Gardening, Not Architecture is an American electronic music project created by Sarah Saturday and based in Nashville, Tennessee.

History

Formation (2003-2004)

Sarah recorded original demos that would become songs on 'First EP' before relocating to Los Angeles after the break-up of her pop-punk band, Saving Face.
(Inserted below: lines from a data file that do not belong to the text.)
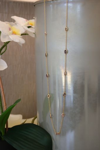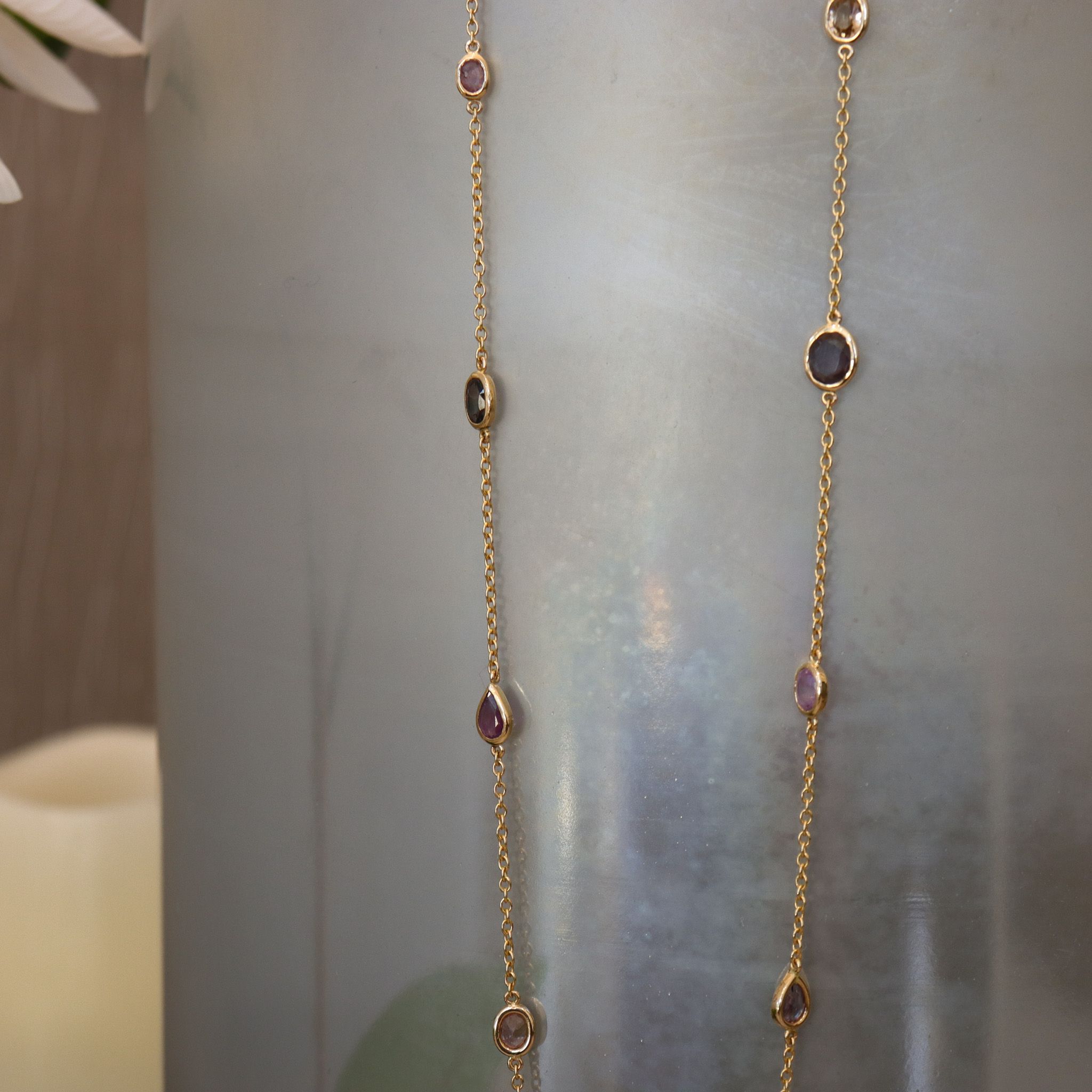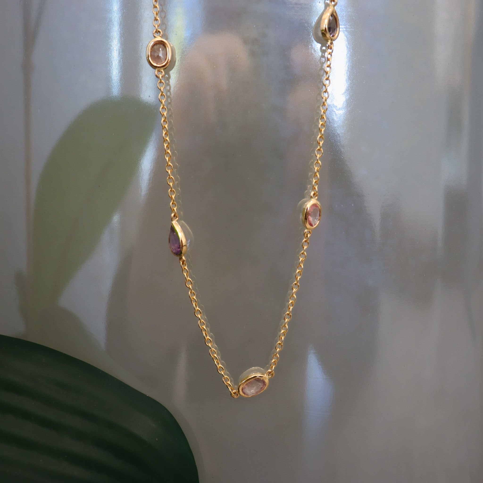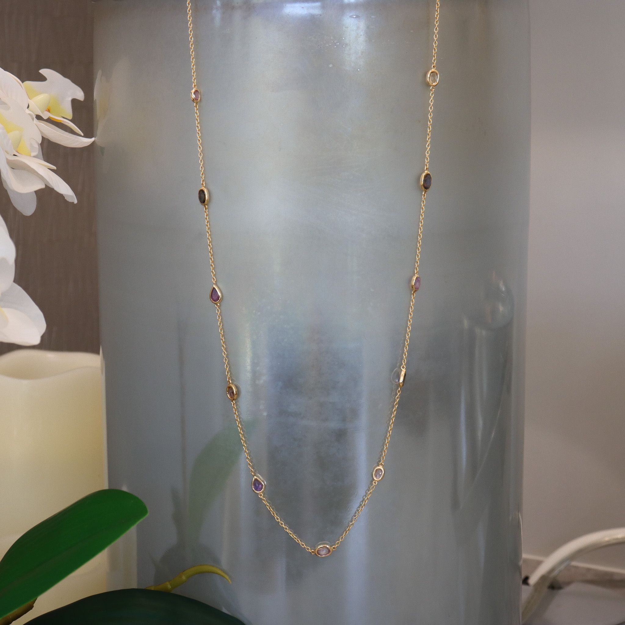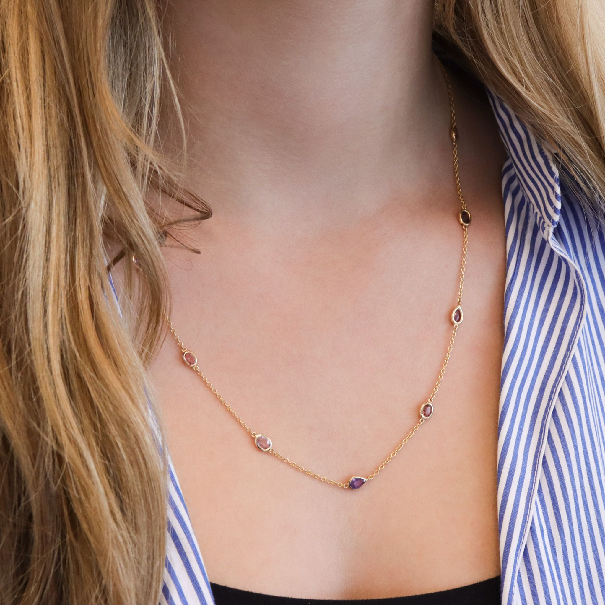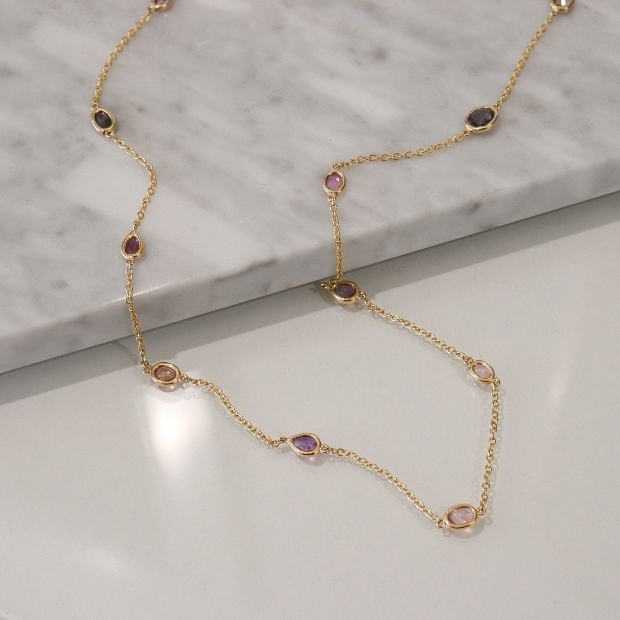 Adorn your neck with this gorgeous collection of natural, fancy-colour sapphires encased in hand-fabricated 18k yellow gold bezels. Ranging from extremely light green, to dark purple, light to medium pink, purplish pink and light orangey pink colour, their eye clean clarity are sure to dazzle.
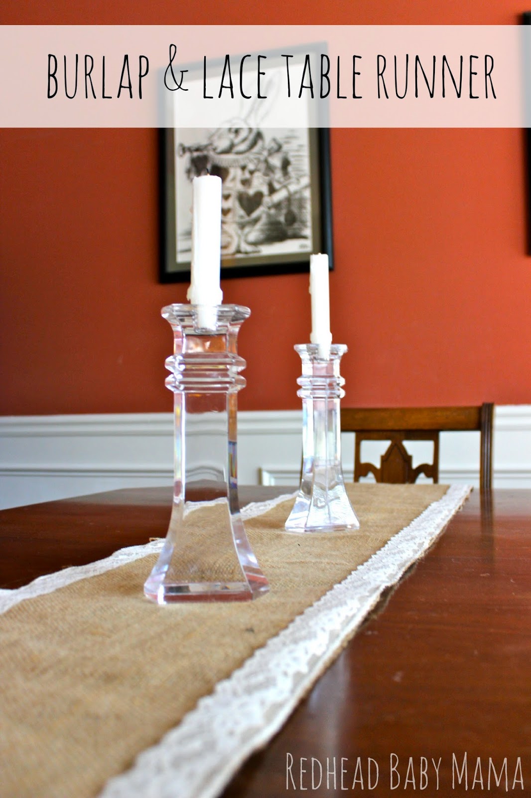 The project took me about 15 minutes from start to finish, and I love it. It’s fresher than a nude table, adds some rustic flare with softness from the lace. I even chose an extra length of burlap for a second table runner or maybe to help with my backdrops and photography.
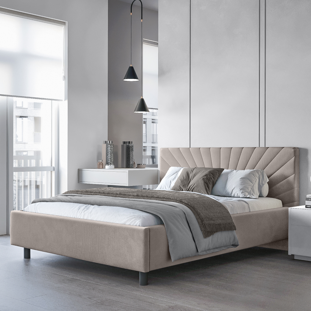 Кровать «Miranda» в минималистичном стиле принесет комфорт и уют в спальную зону. Деликатная строчка на изголовье в форме исходящих лучей смотрится лаконично и стильно.
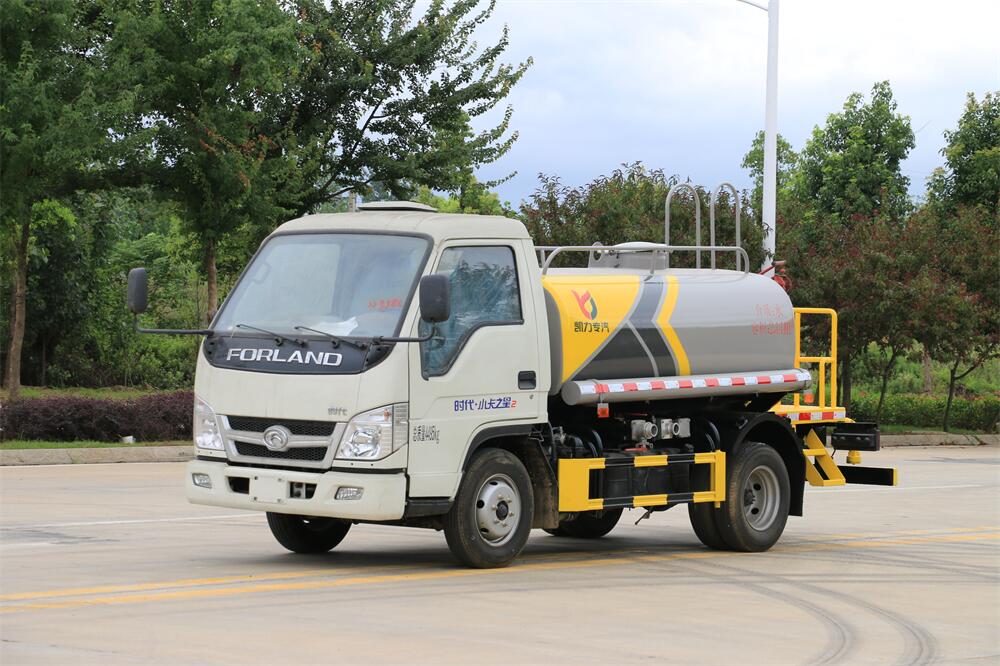 灑水車前裝有鴨形噴嘴或圓頭沖嘴,后面裝有圓柱開灑水噴嘴或蓮蓬頭噴嘴,后部有一工作平臺,裝配有水炮。后部還可裝8個噴嘴(選裝)。
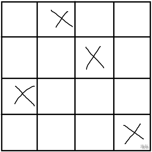 接着,我们也不难发现剩下来可以放的位置刚好少了一行、一列。
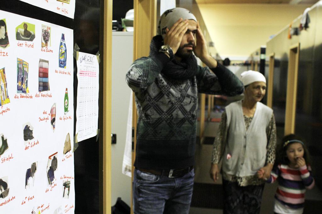 _MG_1808b in a former sportshall live about 50 people, basic text and visual information in several languages for the migrants |
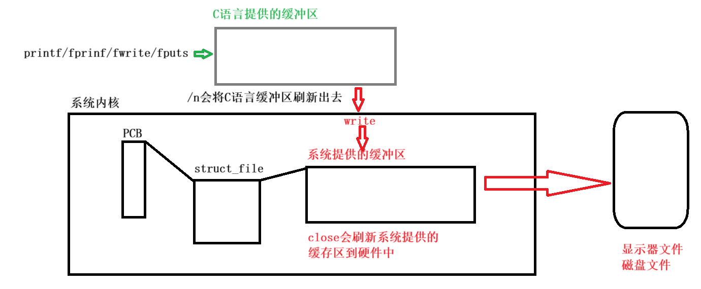 目前可以认为,只要将数据刷新到内核,数据就可以到硬件了,或者说是在C语言层面提供了一个缓冲区。
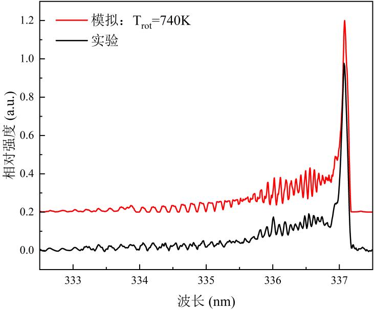 圖7:Ar等離子體射流N2(C3Πμ-B3Πg)(Δν=0)實(shí)驗(yàn)與模擬光譜

Demos were recorded in producer Beau Sorenson's apartment in Madison, Wisconsin, but never released.

First EP (2007-2009)
Sarah returned to Madison in 2007 to begin recording four songs for the 'First EP' with producer/engineer Beau Sorenson at Smart Studios. 

The EP was released in the fall of 2007 and included four songs 'If You Only Knew', 'Jabberwocky', 'Nevermind', and 'The Great Unraveling'.

In 2008, Sarah recruited Hunter Burgan to play drums with her for the first-ever Gardening, Not Architecture shows in Los Angeles.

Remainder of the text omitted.